How does bipush work in JVM?

Question

I understand iload takes in integers -1 to 5, but how can you extend to higher numbers using a bipush instruction? How is the specific integer being stored with the bytecode?

Answer 1

I think you're looking for section 2.11 of the JVMS , which deals with instruction representation. In particular, it uses the obvious order: the opcode, immediately followed by operands in order, big-endian (as all Java representations). In the case of bipush , this would be the byte 0x10 followed by the literal value.

Answer 2

There's several different instructions that can be used to push an integer constant.

The smallest is the iconst_* instructions. These are only a single byte, because the value is encoded in the opcode itself. iconst_1, iconst_2, etc. are different opcodes. iconst_5 for example would be encoded as the byte 08 .

Note: iload is a completely unrelated instruction used for loading the value of a local variable. You must have been thinking of iconst_*.

Next is bipush , which can push a constant between -128 and 127. This instruction is two bytes long - the first byte is the opcode, and the second byte is a signed 8 bit integer. You can even use it to push constants in the range -1 to 5, although doing so would take up more space in the classfile than necessary.
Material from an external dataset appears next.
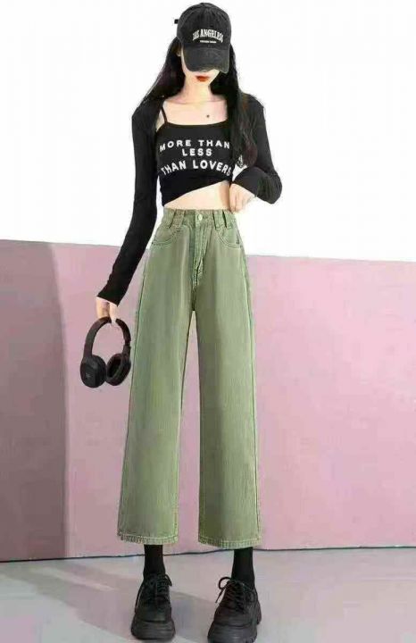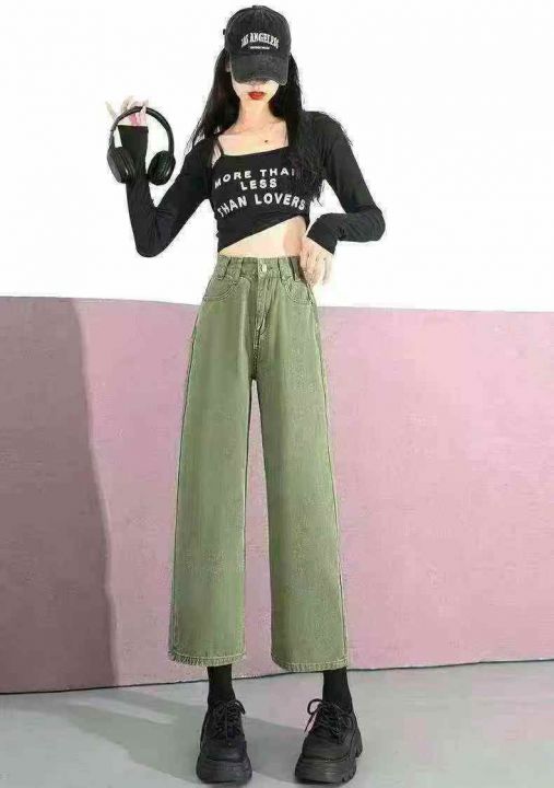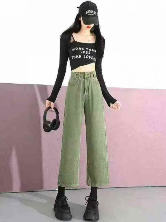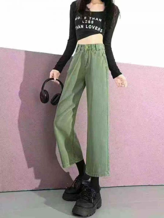 ☕️220条全清9.8S到XL码数,小个子八分直筒牛仔裤女春秋新款牛油果绿色秋冬裤子高腰显瘦阔腿裤。 货号:1303

For example, bipush 5 would be encoded as 10 05 . (0x10 is the opcode for bipush)

Next is sipush , which is the same except that it stores a 16 bit constant instead of an 8 bit constant, and hence the instruction is three bytes long. The opcode for sipush is 0x11, so sipush 5 would be encoded as the three byte sequence 11 00 05 .

You might wonder how integer constants which don't fit in 16 bits are stored. In this case, the compiler creates entries in a separate section of the classfile called the constant pool, and then uses the ldc or ldc_w instruction to refer to the constant pool entry.